Tuesday, October 7, 2014


"I'd like to launch a Facebook page," my client said.

"What's changed?" I asked her. "We discussed that option before, and you thought it wasn't a good fit for you."

"I still don't think it's a great fit," she told me. "My best clients have always come to me from personal referrals. But I've been focused on building my referral network for a while now, and I feel like it's time to do something new."

Whoa! Did I hear correctly? My client says she doesn't think a Facebook page is a good idea for her business, but she's going to create one anyway, because... why?

I've seen this happen many times with professionals who do their own marketing. They'll be rolling along following a simple, effective marketing plan, and then -- pow! -- they blow it off the tracks and start doing something entirely different.

Here are some of the common reasons professionals change their marketing plan while it's still in progress, and what you can do to stop this from happening to you.

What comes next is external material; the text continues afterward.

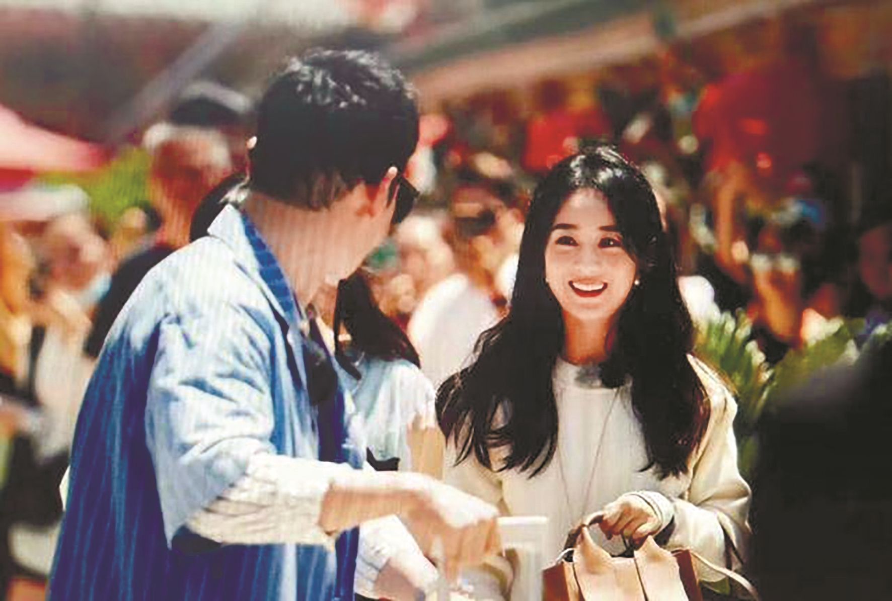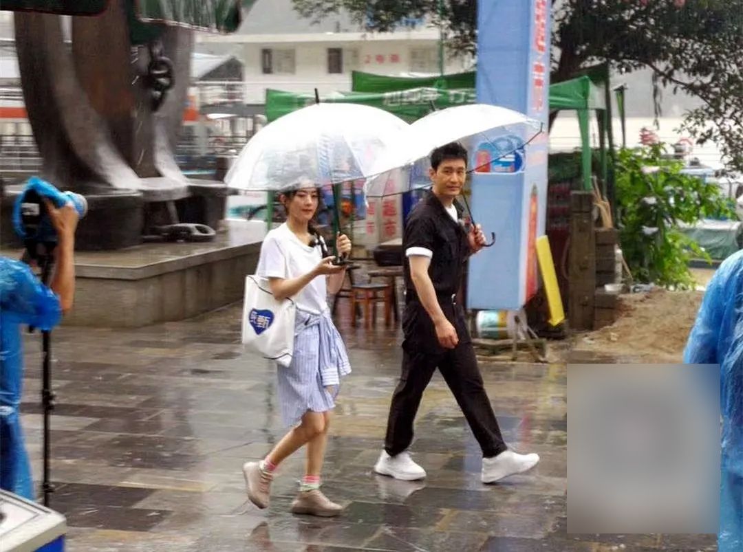 粉丝拍摄的赵丽颖与黄晓明在巴东街头

1. Bored with doing the same old thing.

Keep your interest alive by adding variety to marketing tasks. If you've been going to the same networking meetings all the time, choose a new one to attend occasionally. (But don't stop going altogether or switch to networking exclusively online.) If you've been faithfully posting to your blog weekly, change it up with a series of short daily posts. (But don't stop posting completely, or start posting to Twitter instead.)

Follow the "just enough" principle. Change just enough of what you're doing for it to become interesting again, but don't throw it out and start anew with something else.

2. Losing faith in what you're doing.

Take steps to create a good plan to begin with, then get a reality check from someone you trust. If your plan was created by essentially throwing darts at a list of possibilities, you won't have much faith in it. Spend the time up front to design a plan that makes sense for your business, current situation, and personality. Consider using Get Clients Now! or The One-Person Marketing Plan Workbook to help you.

When you're unsure whether your plan is on the right track, consult with a friend, colleague, or expert who truly knows your business and how to succeed at it. Remember that most marketing tactics take time to pay off. Getting some outside perspective from a trustworthy source can help you stick with a winning plan that hasn't shown many results yet.

3. Attracted by a Bright Shiny Object.

We entrepreneurs tend to be creative, energetic, and willing to take risks. These qualities often go hand-in-hand with Bright Shiny Object Syndrome -- the attraction to new ideas, a preference for starting as opposed to finishing, and a strong dose of wishful thinking.

Work with a buddy, group, or coach who knows your plan and will remind you why you chose it. Having regular check-ins with a person or group to whom you are accountable is one of the best antidotes to an affinity for shiny distractions.

4. Convinced by someone else you're on the wrong path.

When marketing isn't your specialty, it's easy to be swayed by the opinions of others about what you should and shouldn't be doing. I've seen professionals throw out a perfectly good marketing plan because a friend said it wouldn't work, they read some blog posts from an expert in a whole different industry, or they were sold an expensive program or campaign by a guru or vendor whose only interest was making a sale.

Follow the steps above to create a plan that makes sense, check it out with someone you can trust, keep your interest high, and gain the support of a person or group who will help you stick with it. Then you'll have the confidence to deflect opinions that might send your carefully-designed plan into a tailspin.

Finally, remember that you may think your marketing needs changing long before your prospective clients do. In fact, they may not even be AWARE of your marketing yet -- or of your business. Don't walk away too soon, and miss the payoff from all the hard work you've already done.